= Organ recital =

An organ recital is a concert at which music specially written for the organ is played.

The music played at such recitals is typically written for pipe organ, which includes church organs, theatre organs and symphonic organs (also known as concert organs). Increasing restoration of theatre and cinema organs (such as the Wurlitzers) also allows current performances of many pieces that can only be played on theatre organs.

==History==
Recitals appear to have arisen from playing before and after religious services. In 19th-century synagogues, organs appeared before their use in services was allowed; instead their purpose was to give concerts before the sundown Shabat service. Sweelinck's duties included the giving of extra-liturgical concerts in Amsterdam's Oude Kerk.

== Logistics ==
Pipe organs are not, in general, portable instruments. The venues for organ recitals using those instruments are thus the churches, theatres, or halls where the organs are housed. Some instruments of about a century ago were built to be listened to while strolling, such as those at the Wanamaker department store in Philadelphia or the museum of San Francisco's Palace of the Legion of Honor, which is not heard to best advantage from any one spot.

However, with some organs the console is portable to a limited extent (such as, for example, being attached to a platform that can be raised or lowered, which is often the case for theatre organs, but less often the case for church organs, with some exception, like the Crystal Cathedral organ in California. Where this is the case, the console is moved for the recital so that the audience can see the organist playing.

== Notable venues and recitals ==

The Wanamaker Organ is played twice daily, Monday through Saturday, free of charge, for patrons and those who visit Macy's Department Store in the Wanamaker Building in Philadelphia. The Grand Court Organist is Peter Richard Conte, and when he is touring, assistant organists perform to ensure the organ is played every day.

The Dane and Polly Bales Organ Recital Hall at the University of Kansas was specifically constructed for organ recitals.

The Harvard Organ Society holds regular organ recitals at the Adolphus Busch Hall.

The Temple Square Organ Recitals show off the organs in and around Temple Square, including the Salt Lake Tabernacle organ (most often in the Tabernacle) others are the LDS Conference Center organ and the Salt Lake Assembly Hall organ (occasionally). During the summer: Monday through Saturday noon and 2 pm. Sunday 2 pm. Non-summer: Monday through Saturday noon, and Sunday at 2 pm.

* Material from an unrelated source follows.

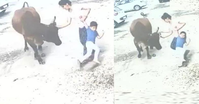માતા સાથે જતા બાળક પાછળ ગાય પડી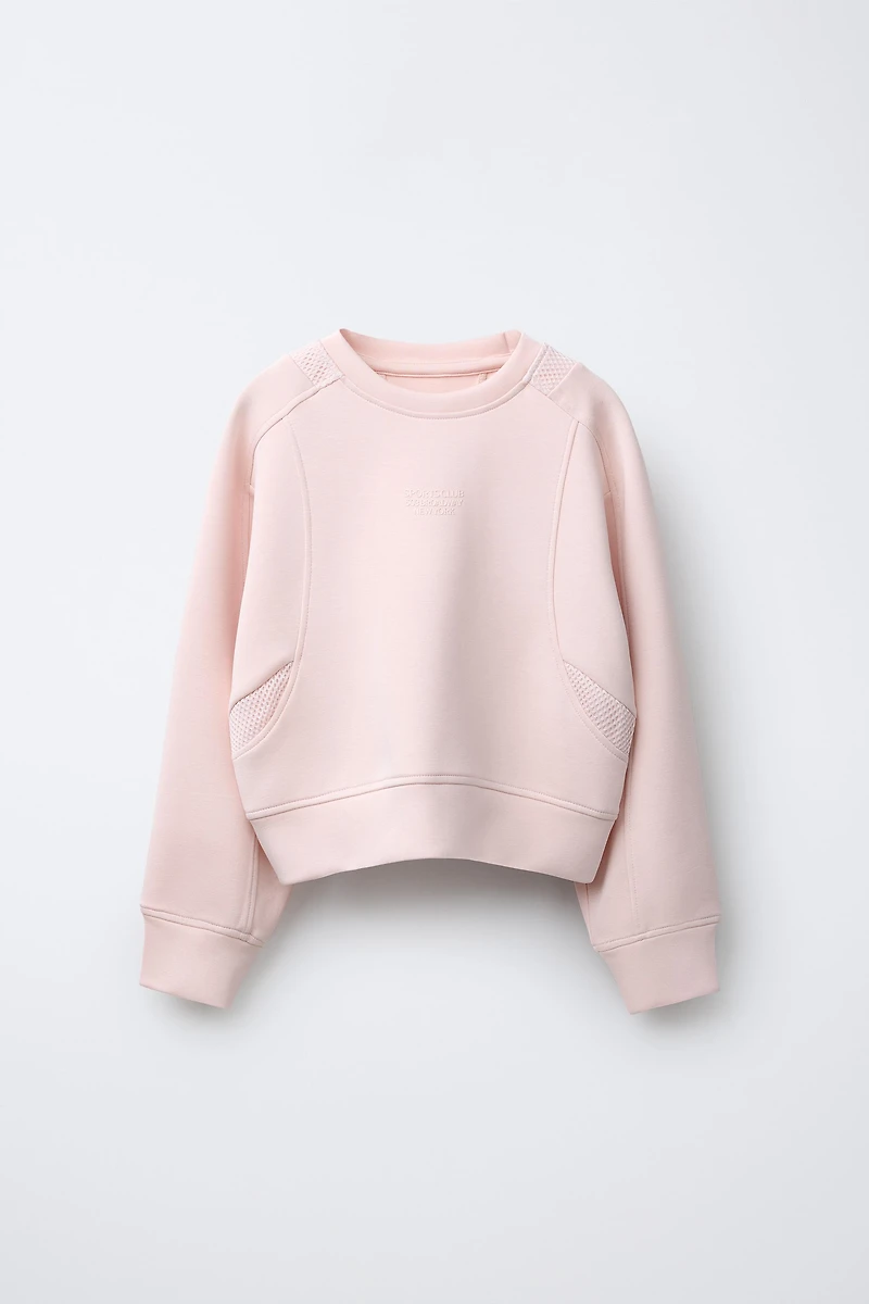 Sweat à col rond et manches longues. Détail résille sur les côtés et inscription imprimée sur la poitrine.

To show off its new concert organ, the Walt Disney Concert Hall held a series of organ recitals in 2004 and 2005. There is now a regular season of organ recitals at the venue featuring famous classical organists from around the world.

In Hollywood, California, the historic El Capitan Theater (also owned by the Disney company) showcases its Wurlitzer Organ regularly before its scheduled shows and movie showings. Organ recitals preceding Disney shows usually consist of Disney Favorites and Show Tunes, but well-known theater organ greats occasionally visit to do special shows at the theater, such as Bob Ralston of Lawrence Welk fame. Mr. Ralston also hosts organ recitals at his home in Granada Hills.

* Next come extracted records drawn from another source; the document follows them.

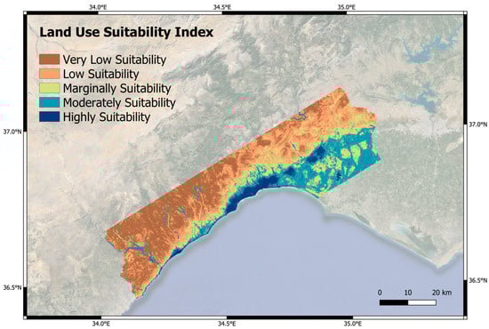 Subsequently, each layer was overlaid to obtain the urban land use suitability index map. In this map, the suitability values of pixels were classified into five categories (very low, low, marginally, moderately, and highly suitable) using the natural breaks method (Figure 10).
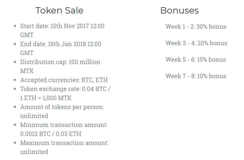 Berbicara tentang harga, untuk 1 ETH Anda akan mendapatkan 1000 MTK token. Lihatlah gambar di bawah ini untuk melihat bagaimana token didistribusikan dan bonus yang mereka tawarkan: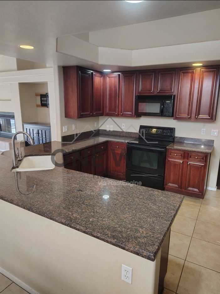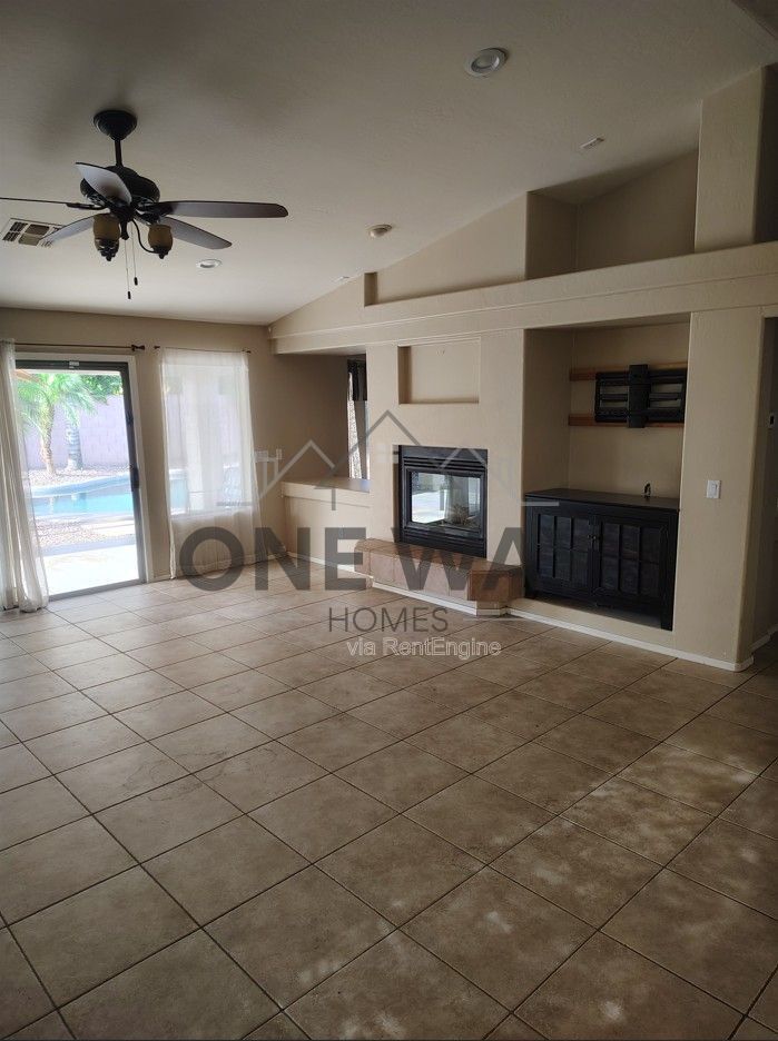 Perfectly located and thoughtfully designed, this home offers the ideal blend of comfort and style. Just a short walk to an award-winning school and nearby park, the location is hard to beat. Inside, you'll find a spacious open floor plan with vaulted ceilings, plantation shutters throughout, and a two-way fireplace that connects the formal dining area to a versatile game room. The home features four generously sized bedrooms, all with ample space to spread out. The custom gourmet kitchen is a standout, complete with granite countertops, abundant cabinetry, and plenty of room for cooking and entertaining. Step outside to a massive backyard built for entertaining, featuring a resort-style Pebble-Tec pool and spa, gas fire pit, and two extended patios with multiple access points. There's also an RV gate with additional parking for convenience. The oversized split primary suite offers a private retreat with a walk-in closet, dual sinks, a separate garden tub, and a large walk-in shower with wall-to-wall mirrors and a dedicated vanity space. Additional highlights include a three-car garage with extra storage. Don't miss your chance to see this incredible home in person—schedule a showing today! By submitting your information on this page you consent to being contacted by the Property Manager and RentEngine via SMS, phone, or email.
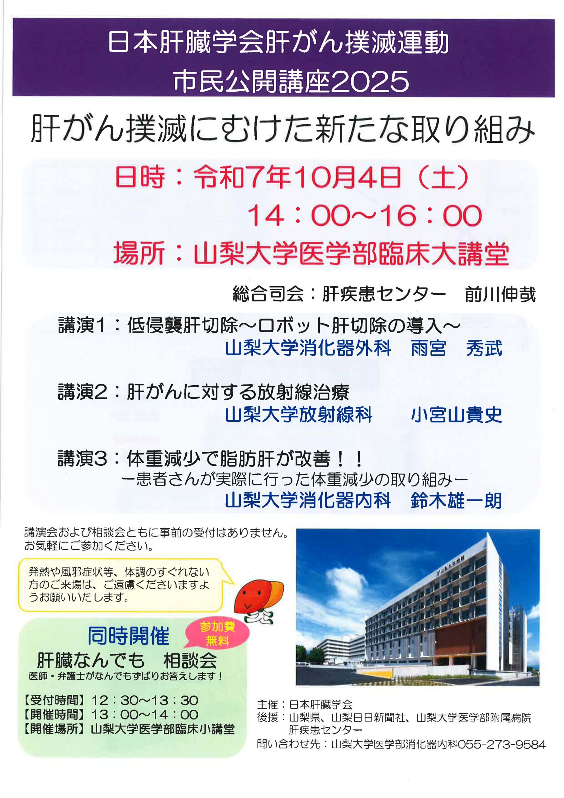 来る、10月4日(土)、山梨大学医学部臨床大講堂にて【日本肝臓学会肝がん撲滅運動 市民公開講座2025】が開催され、放射線治療学講座の小宮山貴史先生が講演を行います。

Also in California, the Orange County Theater Organ Society hosts frequent theater organ recitals at the Plummer Auditorium in Fullerton, featuring its own original Wurlitzer pipe organ from 1930. As part of its season, some of these recital programs also include a silent film accompanied by the theater organ, to provide a complete experience the way it was originally intended. A long list of accomplished organists regularly frequent the Plummer, including Chris Elliot and the inimitable Bob Ralston.

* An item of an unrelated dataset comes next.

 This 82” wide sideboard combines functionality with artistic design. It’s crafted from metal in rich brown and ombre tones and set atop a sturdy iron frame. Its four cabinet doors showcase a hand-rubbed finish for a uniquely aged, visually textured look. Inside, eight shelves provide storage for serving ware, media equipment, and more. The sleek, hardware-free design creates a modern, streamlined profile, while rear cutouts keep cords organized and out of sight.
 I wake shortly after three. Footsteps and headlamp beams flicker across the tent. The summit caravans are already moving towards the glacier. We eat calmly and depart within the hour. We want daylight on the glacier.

While world-famous organist Frederick Swann was in residence at First Congregational Church in Los Angeles between 1998 and 2001, where he supervised the improvement of the organ to rival that of his former church, the Crystal Cathedral, to become the largest church organ in the world (with over 20,000 pipes), he instituted a music festival called "Organ Alive!" that featured organ recitals and concerts, collaborating with many renowned musicians to revive Los Angeles' organ music culture. The annual conference and organ series attracted people from all over the world to Los Angeles and continued in the years following Mr. Swann's retirement as principal organist of the church. Following the success of this recital series and the awareness that was revived in the city, two new significant pipe organs were commissioned in the city: that of the Disney Concert Hall and the Catholic Cathedral of Our Lady of the Angels (one block from Disney Hall).

The Los Angeles OLA Cathedral also holds weekly organ recitals on Wednesdays at 12:45 pm, following the noon mass. Follow the music link on the cathedral's website for details on artists and programs.

A performance of the complete organ works of Johann Sebastian Bach was held on November 22, 2014, at St. Peter's Lutheran Church in Manhattan. Twenty organists from The Juilliard School performed. Juilliard Organ Department Chair, Paul Jacobs, curated the eighteen-hour performance.